» Dataset content
+-------+
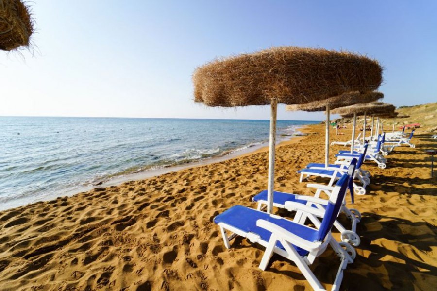Il Villaggio sovrasta il “Capo Fratte Vecchie” su di una spettacolare ed ampia baia di sabbia fine, dal colore rossastro contornata da scogli bassi. L’acqua, limpida e dagli splendidi colori che vanno dal verde al blu intenso, ha un fondale dolcemente digradante, particolarmente adatto ai bambini, mentre nelle zone laterali, scogliere e piccoli promotori rendono lo snorkeling un’attività di grande emozione fruibile da adulti e bambini. La spiaggia dista 300 metri ed è attrezzata con ombrelloni e lettini (inclusi a partire dalla 4° fila) e punto Mini-club. Nella spiaggia, ubicata in piena Riserva Marina Protetta, non è permessa l’installazione di servizi igienici, presenti presso il chiosco bar di gestione esterna al villaggio. Servizio navetta da/per la spiaggia ad orari stabiliti. Possibilità di noleggio di teli mare con cauzione.
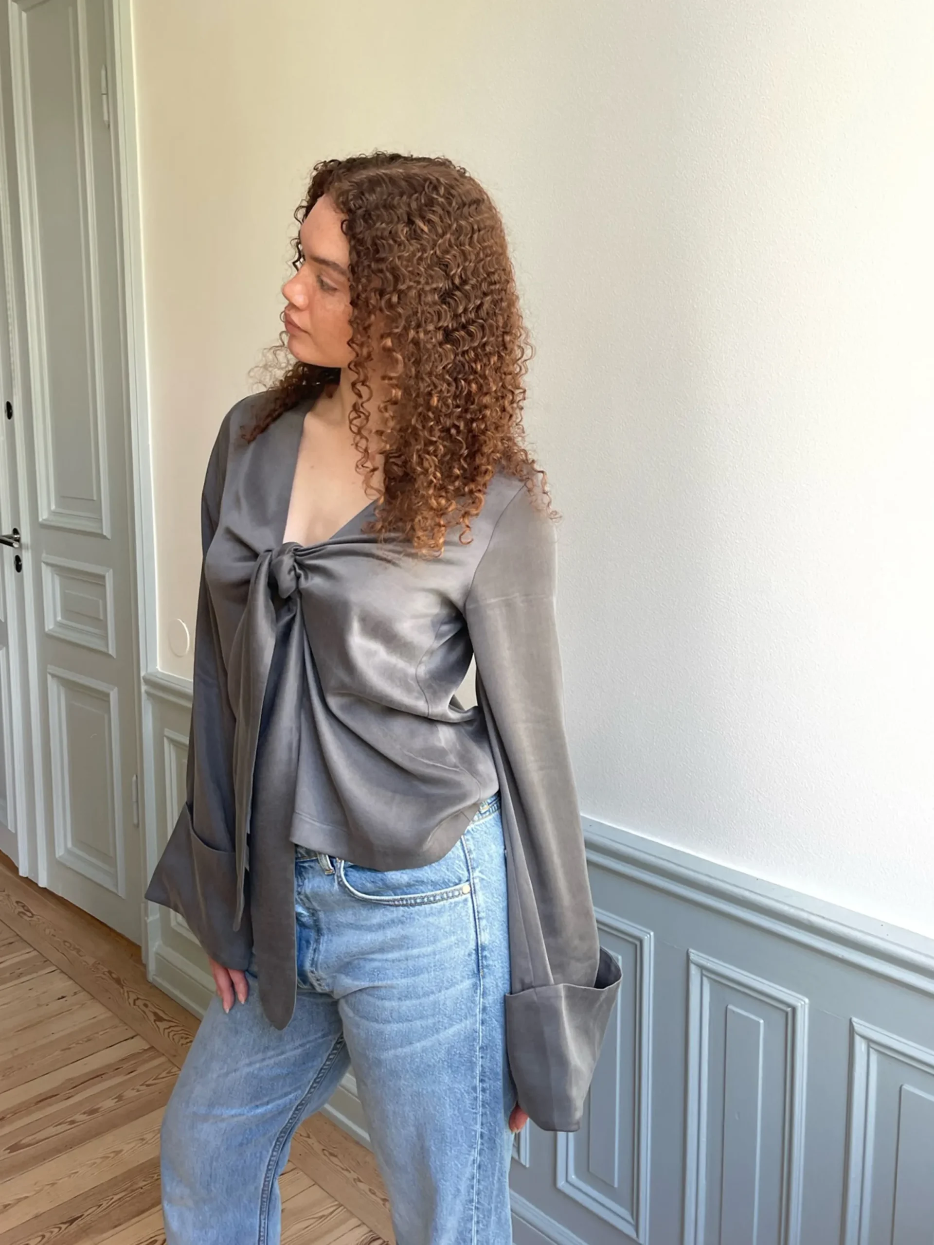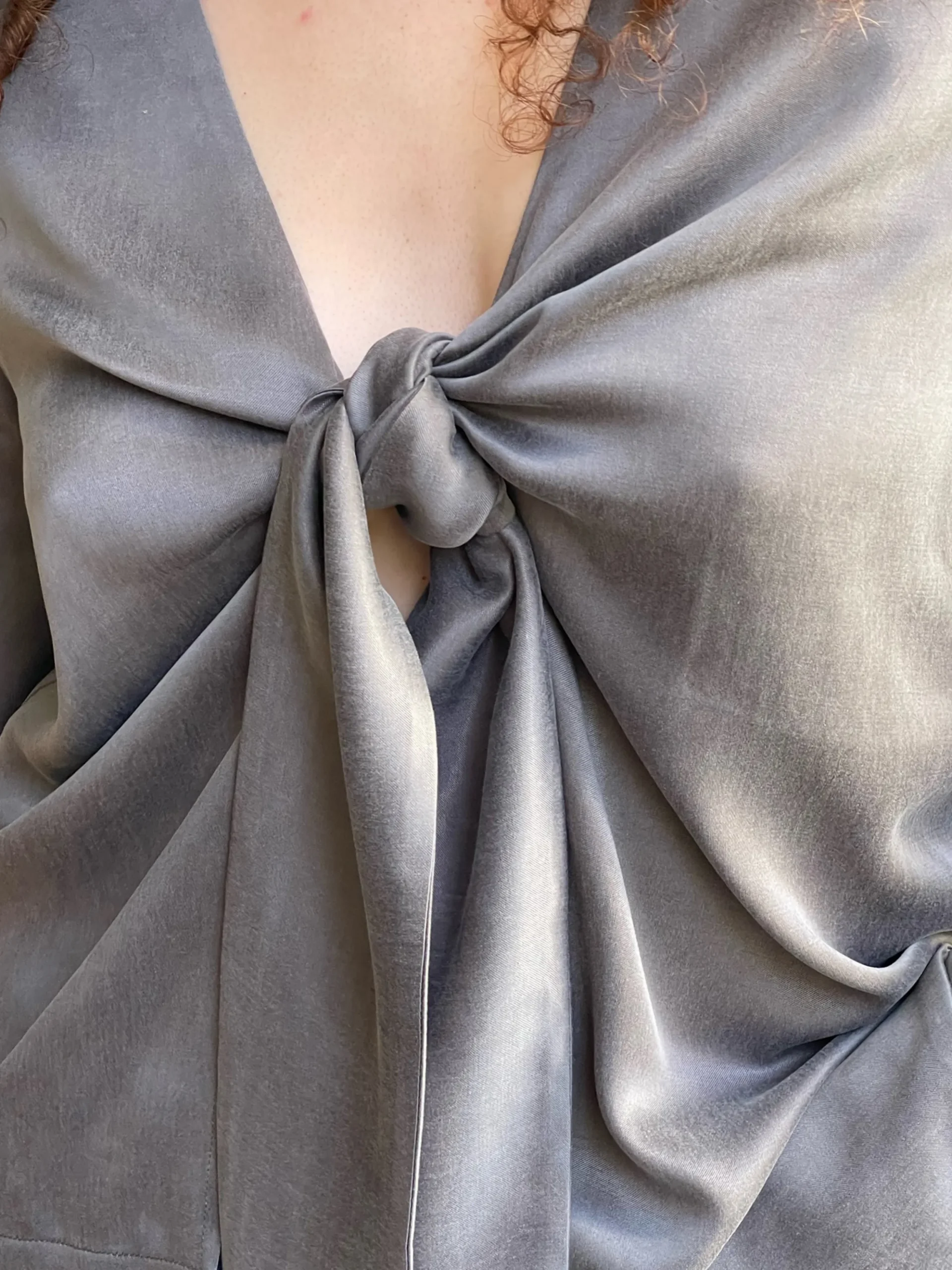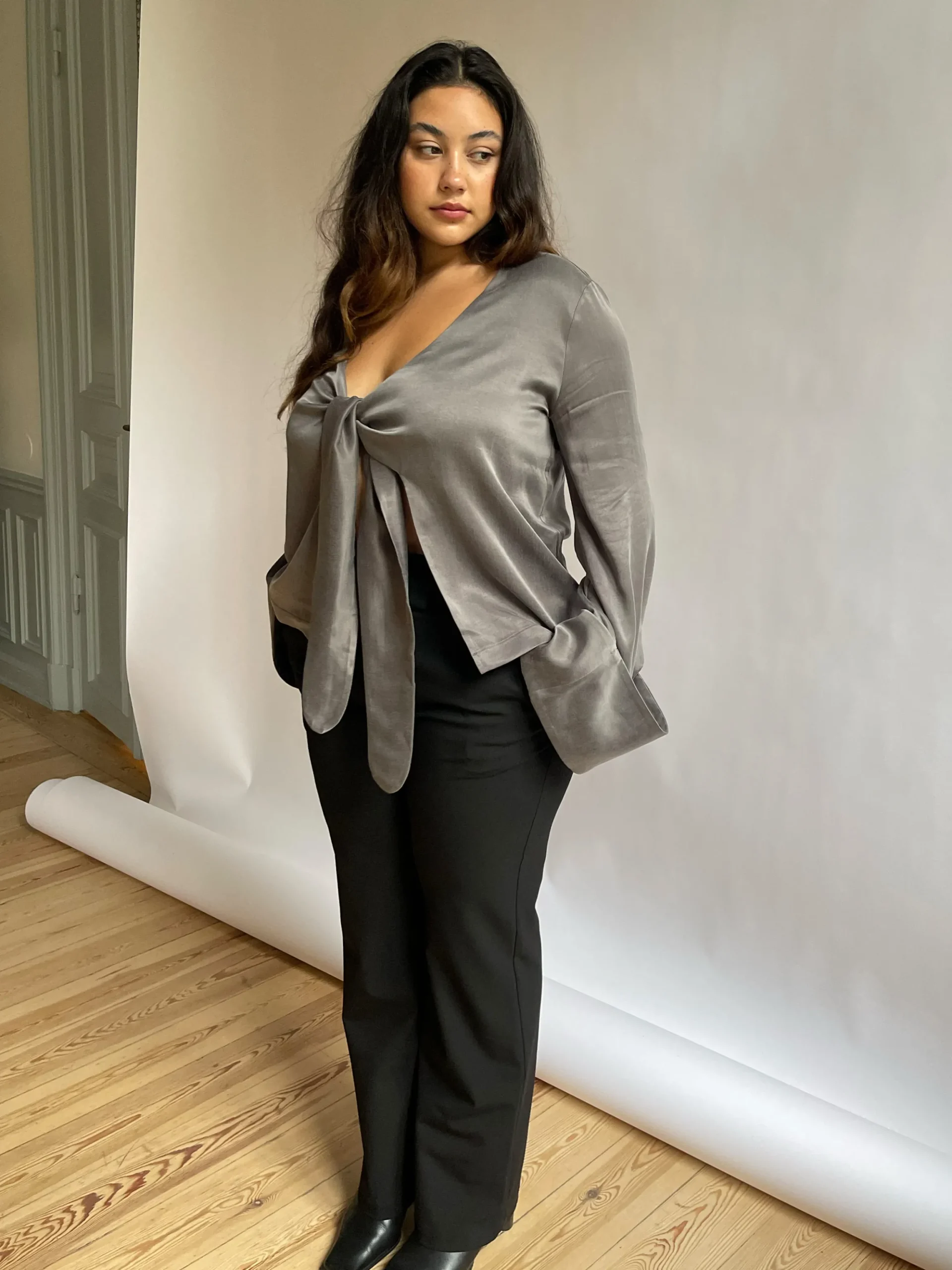 Our Tie Top Long Sleeve in storm has a tie closure at the front and exaggerated long sleeves. Made out of silky cupro fa…
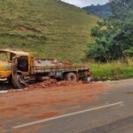 Caminhão carregado com tijolos tomba na Serra de Pirapanema em Muriaé
+-------+
» Work order
Omit the images; transcribe the listing verbatim.

» Solution for this exercise
Il Villaggio sovrasta il “Capo Fratte Vecchie” su di una spettacolare ed ampia baia di sabbia fine, dal colore rossastro contornata da scogli bassi. L’acqua, limpida e dagli splendidi colori che vanno dal verde al blu intenso, ha un fondale dolcemente digradante, particolarmente adatto ai bambini, mentre nelle zone laterali, scogliere e piccoli promotori rendono lo snorkeling un’attività di grande emozione fruibile da adulti e bambini. La spiaggia dista 300 metri ed è attrezzata con ombrelloni e lettini (inclusi a partire dalla 4° fila) e punto Mini-club. Nella spiaggia, ubicata in piena Riserva Marina Protetta, non è permessa l’installazione di servizi igienici, presenti presso il chiosco bar di gestione esterna al villaggio. Servizio navetta da/per la spiaggia ad orari stabiliti. Possibilità di noleggio di teli mare con cauzione.
 Our Tie Top Long Sleeve in storm has a tie closure at the front and exaggerated long sleeves. Made out of silky cupro fa…
 Caminhão carregado com tijolos tomba na Serra de Pirapanema em Muriaé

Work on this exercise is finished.